AI as a machine learning tool — The medical community has long assumed that machine learning (typically using neural networks) would replace radiologists interpreting MRIs, but radiologists continue to outperform computers. We still seem to be a long way from driverless cars. A major problem with the neural networks that are so popular today is that these are systems that often have hundreds of thousands to many millions of parameters that need to be estimated. These systems require truly massive datasets, and yet may still not produce the right behavior (click here for additional discussion of this topic).
AI as a decision tool — An inventory system might place orders based on current inventory without considering forecasts of demands and inbound orders. Or, we may use a forecast, but do not properly account for the potential errors in the forecast. Decisions represent the highest form of AI, since good decisions have to stand on the shoulders of good information, which might also include good forecasts (or other estimates) from machine learning. A decision tool has to use an accurate model of the physical system being controlled

It is very important to understand how the output of an AI system (whether it be an estimate/forecast, or a decision) will be used within a company. Problems that can arise in the implementation of either type of AI system include:

A poor understanding of the data required by the AI system — This tends to arise particularly with decision systems. A truck dispatcher may know that the driver needs to get home, which he learned in a phone call. This is a common instance where a human knows something that the computer does not.
A poor understanding of how information is used by people to make decisions. It can be very hard to understand how a person makes a decision, which complicates the process of providing people with better information.

It is important to understand whether an AI system is being used to help a human, or if it is being allowed to run autonomously.

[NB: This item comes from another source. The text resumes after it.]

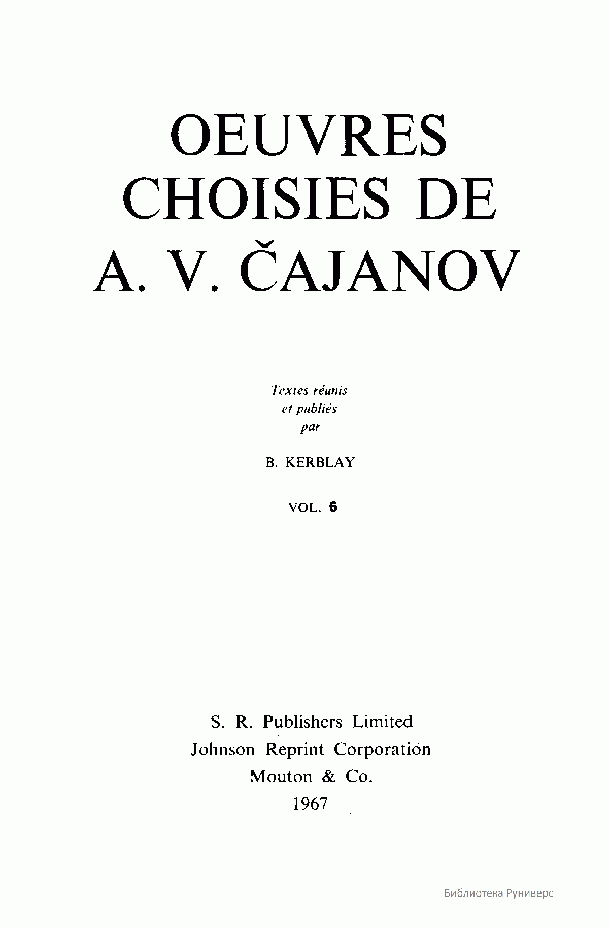 Oeuvres Choisies de A.V. Cajanov. Vol 6

Q: How can I design a framework (state spaces, action spaces, rewards) for a single agent deep RL applied to any healthcare data?

First — “deep RL” would arise when you are trying to solve the problem. My first recommendation: model first, then solve.

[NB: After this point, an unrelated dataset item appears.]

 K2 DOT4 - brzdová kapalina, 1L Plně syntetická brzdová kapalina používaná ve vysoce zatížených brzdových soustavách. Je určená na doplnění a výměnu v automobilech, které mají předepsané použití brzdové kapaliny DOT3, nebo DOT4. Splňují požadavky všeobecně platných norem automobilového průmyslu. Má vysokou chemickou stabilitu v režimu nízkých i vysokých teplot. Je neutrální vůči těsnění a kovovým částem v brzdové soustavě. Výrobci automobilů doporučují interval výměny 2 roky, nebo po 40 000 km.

Next, do not talk about state *spaces* and action *spaces*. You want to talk about state *variables* and action (or decision) *variables*. From a modeling perspective, describing the state or action space provides no information about the problem.

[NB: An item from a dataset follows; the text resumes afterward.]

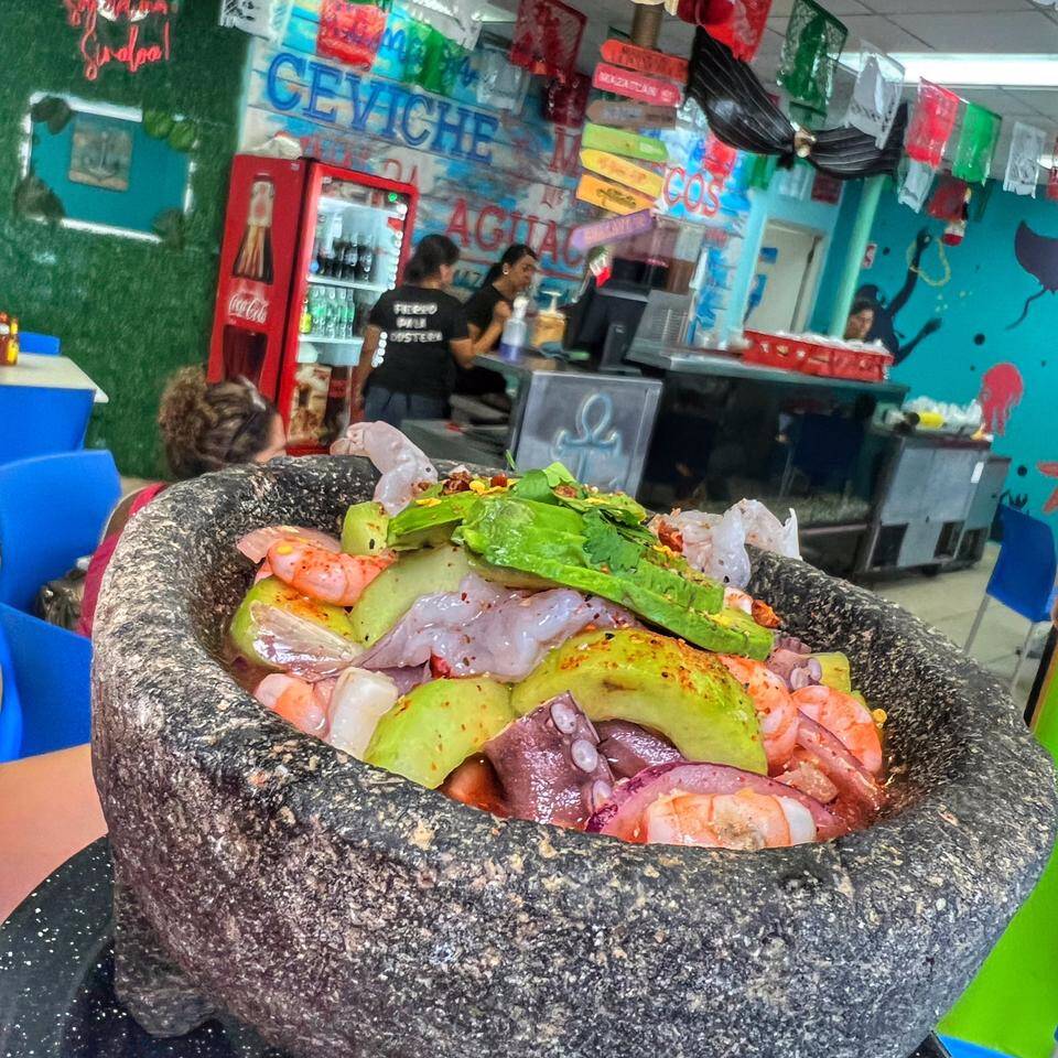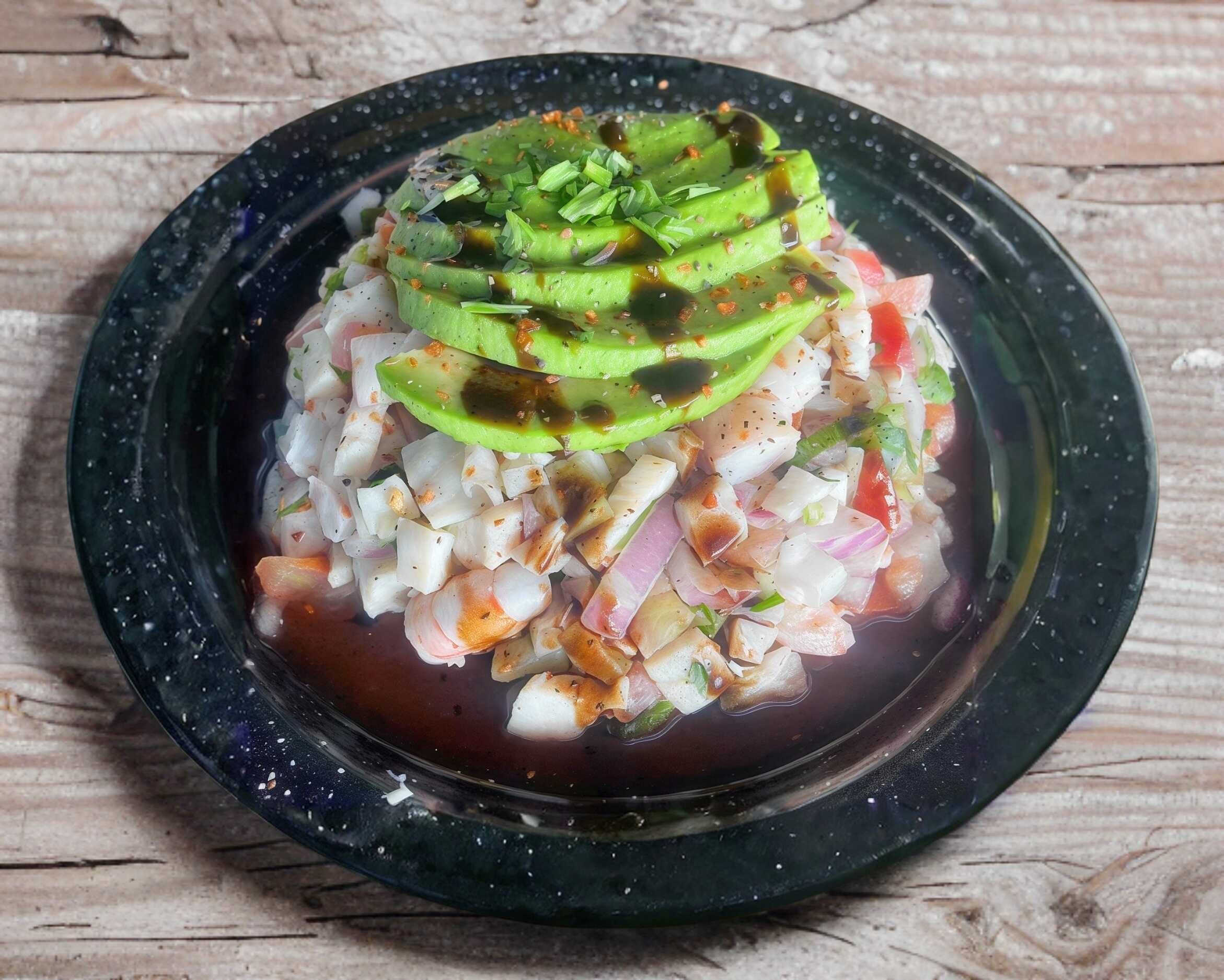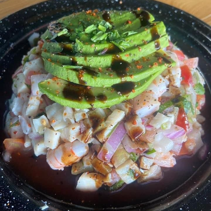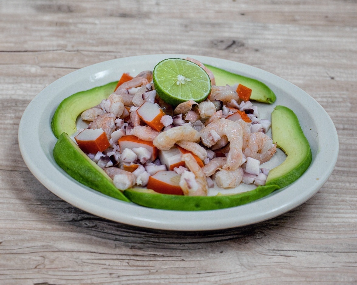 Lleva camarón cocido, tilapia curtida, Clamato, aguacate, pepino, cebolla morada, tomate y cilantro.

There are five dimensions to any sequential decision problem:

State variables — The state S_t at time t is all the information you need to make decisions, compute performance metrics, and to model the transition from time t to t+1. State variables come in three flavors: the physical state (inventories, location of a device), other information (for example, information about the weather — basically anything that does not seem to be a physical state), and belief state (which is information that describes probabilistic knowledge about quantities or parameters that you do not know perfectly).
Decision variables x_t— This is what you control. Decisions are made by a policy (a method or function for making a decision using the information in S_t) that has to obey any constraints at time t. I like to write the policy as X^\pi(S_t) where “\pi” carries information about the structure of the policy, and any parameters that have to be tuned.
Exogenous information W_{t+1} — This is the information that is revealed or observed after you make a decision.
The transition function — This describes how the state S_t evolves to S_{t+1} after you make a decision, and then observe the exogenous information. I write the transition using S_{t+1} = S^M(S_t, x_t, W_{t+1}), where S^M(…) is the state transition model, or transition function. Sometimes we can describe the transition function using a set of equations, and sometimes these are not known, and all we do is observe S_{t+1}.
The objective function — This includes the performance metrics (how well you perform at time t) and how well your policy works over time, on average. Let C(S_t,x_t) be the “contribution function” (we can maximize or minimize) that might be a weighted contribution of different metrics.

I would start by describing the evolution of your system in terms of the state S_t at time t, after which you make a decision x_t (given the information in the state S_t), and you then observe new information that we call W_{t+1}.

Q: How to build optimal sequential decision policies for the healthcare system, these policies might be treatments to patients?

Now the next step is to design the policy. There are two broad classes of policies, each of which can be divided into two subclasses. These are

The policy search class — These are parameterized functions with parameters that have to be tuned to work well over time. These come in two flavors:

Policy function approximations (or PFAs) — These are simple rules or functions such as buy low, sell high, or if the patient has specific attributes, then apply this treatment. PFAs are the only one of the four classes that do not involve an imbedded optimization problem
Cost function approximations (CFAs) — Here we are optimizing a simple function that we have parameterized so it works well over time. In health, we might want to choose the medication that we think will produce the greatest reduction in blood sugar, but we are uncertain, so we are going to add an “uncertainty bonus” given by the standard deviation of our estimate of the reduction (which is uncertain) times a tunable parametre.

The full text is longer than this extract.